─── Supplied material

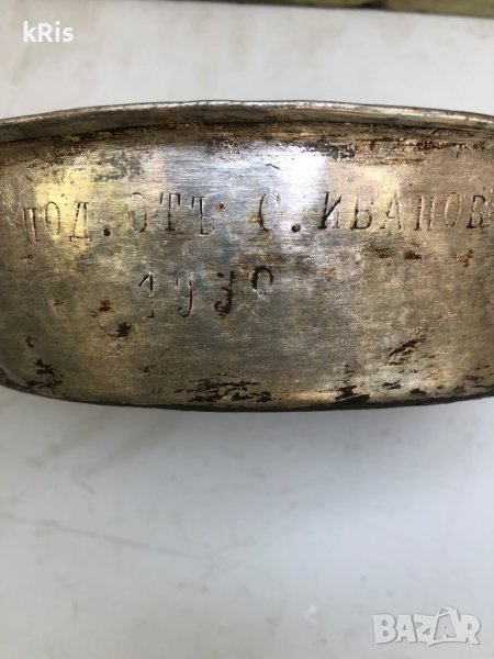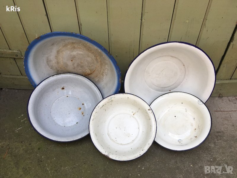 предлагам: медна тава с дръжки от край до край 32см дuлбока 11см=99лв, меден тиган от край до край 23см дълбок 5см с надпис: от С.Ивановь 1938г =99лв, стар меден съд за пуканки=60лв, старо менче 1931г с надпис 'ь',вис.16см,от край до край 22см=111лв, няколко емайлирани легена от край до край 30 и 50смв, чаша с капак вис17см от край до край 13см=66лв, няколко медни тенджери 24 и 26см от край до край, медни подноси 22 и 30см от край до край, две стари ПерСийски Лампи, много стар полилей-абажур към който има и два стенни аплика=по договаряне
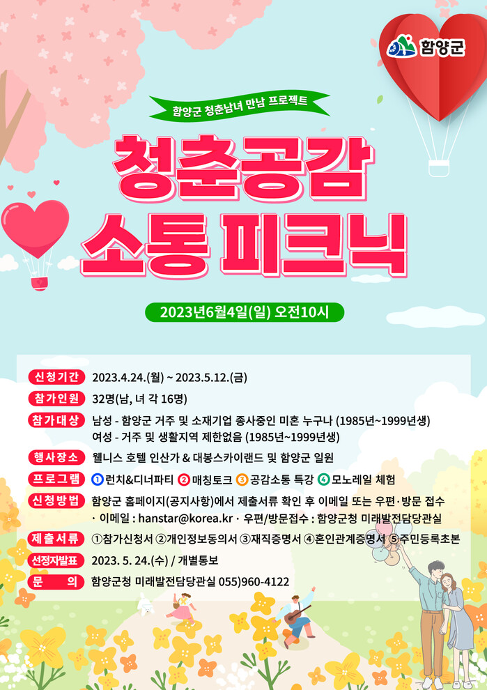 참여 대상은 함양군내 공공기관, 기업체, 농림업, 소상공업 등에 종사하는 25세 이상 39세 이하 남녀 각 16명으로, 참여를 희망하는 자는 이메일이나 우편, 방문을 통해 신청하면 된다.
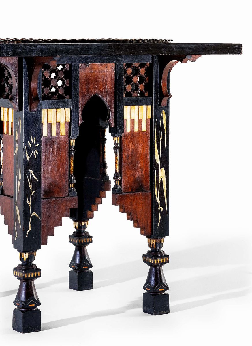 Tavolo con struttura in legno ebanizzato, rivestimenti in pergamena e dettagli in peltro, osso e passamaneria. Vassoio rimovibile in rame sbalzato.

──────

» **Problem description**:
An exact printout of the listing is needed, minus any pictures it contains.

» **Solution below**:
 предлагам: медна тава с дръжки от край до край 32см дuлбока 11см=99лв, меден тиган от край до край 23см дълбок 5см с надпис: от С.Ивановь 1938г =99лв, стар меден съд за пуканки=60лв, старо менче 1931г с надпис 'ь',вис.16см,от край до край 22см=111лв, няколко емайлирани легена от край до край 30 и 50смв, чаша с капак вис17см от край до край 13см=66лв, няколко медни тенджери 24 и 26см от край до край, медни подноси 22 и 30см от край до край, две стари ПерСийски Лампи, много стар полилей-абажур към който има и два стенни аплика=по договаряне
 참여 대상은 함양군내 공공기관, 기업체, 농림업, 소상공업 등에 종사하는 25세 이상 39세 이하 남녀 각 16명으로, 참여를 희망하는 자는 이메일이나 우편, 방문을 통해 신청하면 된다.
 Tavolo con struttura in legno ebanizzato, rivestimenti in pergamena e dettagli in peltro, osso e passamaneria. Vassoio rimovibile in rame sbalzato.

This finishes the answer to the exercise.